= Expected transmission count =

Network routing metric

The ETX metric, or expected transmission count, is a measure of the quality of a path between two nodes in a wireless packet data network. It is widely utilized in mesh networking algorithms.

==History==
Douglas S.J. De Couto was the first to describe ETX in his 2004 doctoral dissertation at MIT. Subsequently, it has been implemented in RoofNet/Meraki and OLSR mesh networking protocols, among others.

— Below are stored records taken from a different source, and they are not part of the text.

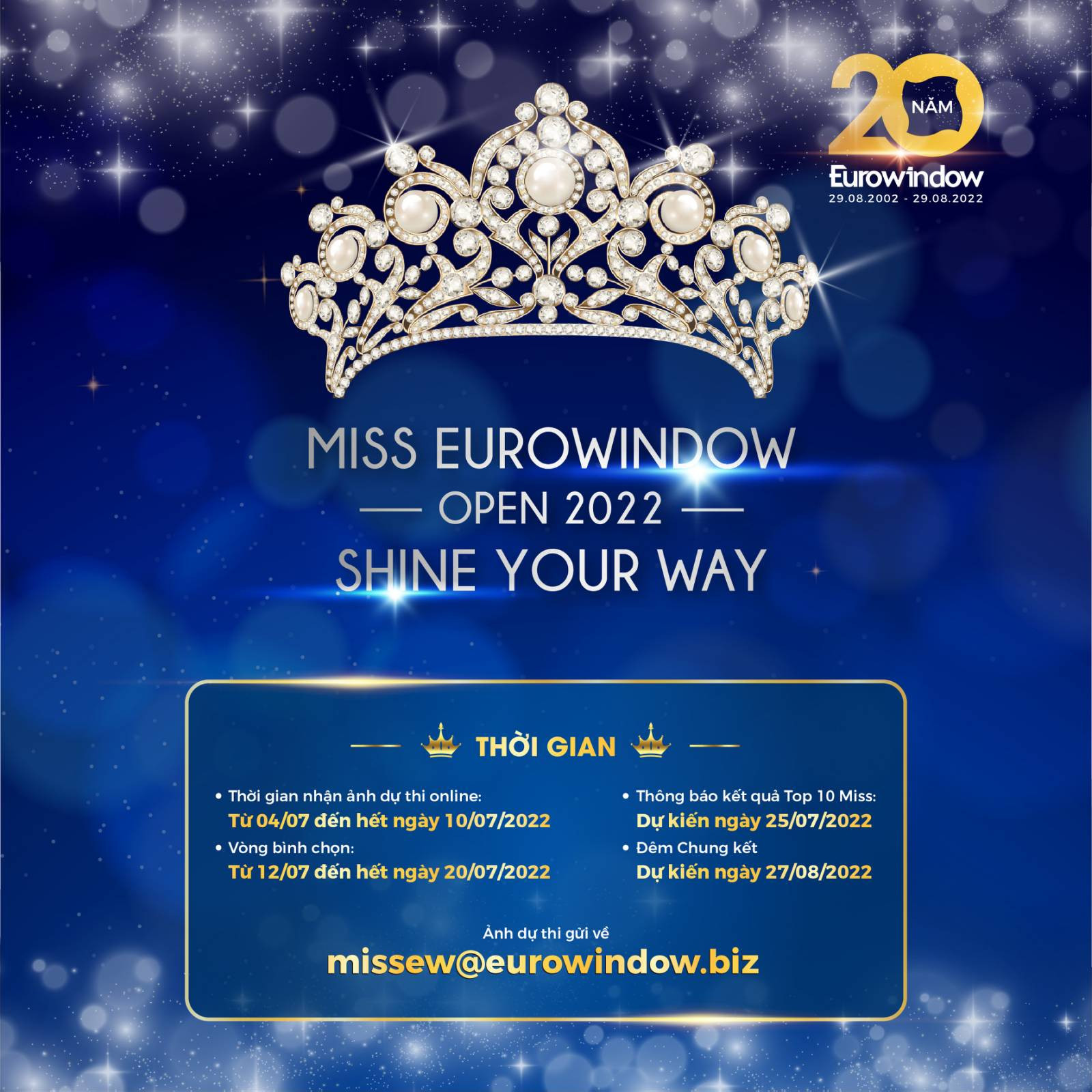 Nằm trong chuỗi hoạt động hướng tới kỷ niệm 20 năm ngày thành lập (29/08/2002 – 29/08/2022), Eurowindow phát động Cuộc thi Miss Eurowindow Open 2022 – Shine Your Way dành riêng cho nữ CBCNV Eurowindow, Eurowindow Holding, các công ty thành viên.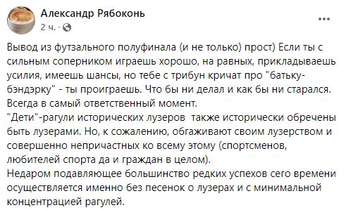 "Вывод из футзального полуфинала (и не только) прост) Если ты с сильным соперником играешь хорошо, на равных, прикладываешь усилия, имеешь шансы, но тебе с трибун кричат про "батьку-бэндэрку" - ты проиграешь. Что бы ни делал и как бы ни старался. Всегда в самый ответственный момент.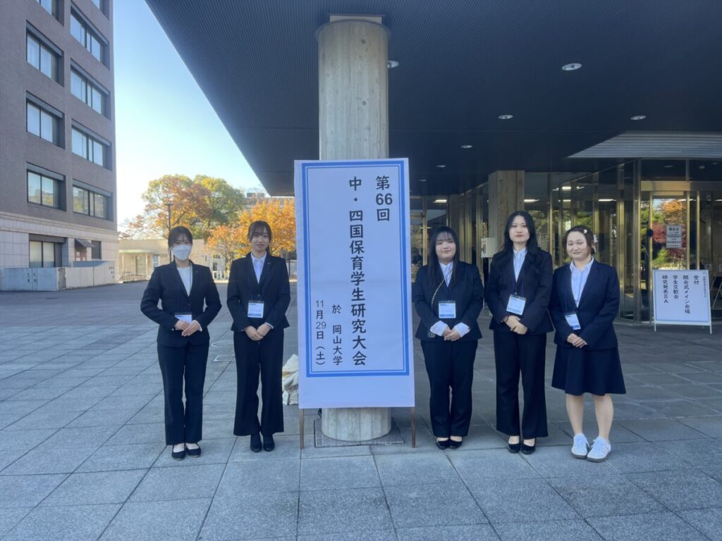 11月29日(土)に岡山大学で開催された「第66回 中・四国保育学生研究大会」に保育学生2年の5名が参加しました。32校、約900名の保育学生が岡山に集い、研究に取り組んだ成果を発表しました。

In the context of the OLSR protocol, a bidirectional link ETX was defined.

==Details==
ETX is the number of expected transmissions of a packet necessary for it to be received without error at its destination. This number varies from one to infinity. An ETX of one indicates a perfect transmission medium, where an ETX of infinity represents a completely non-functional link. Note that ETX is an expected transmission count for a future event, as opposed to an actual count of a past event. It is hence a real number, and not an integer. For example, if it took 1898 transmissions to transfer 1024 packets without error, the ETX on the link is 1898/1024, or approximately 1.85. Due to varying characteristics of the transmission medium, the number may vary widely.

It is often useful to convert between ETX and the packet error probability $e_{pt}$:

$$\mathrm{ETX} = \frac{1}{1 - e_{pt}}$$

An equivalent relation is used for bidirectional links in the context of the OLSR protocol: $ETX = 1/(NLQ * LQ)$ where NLQ is the Neighbor Link Quality of the link and LQ is its link quality. Thus, $e_{pt} = 1-NLQ * LQ$.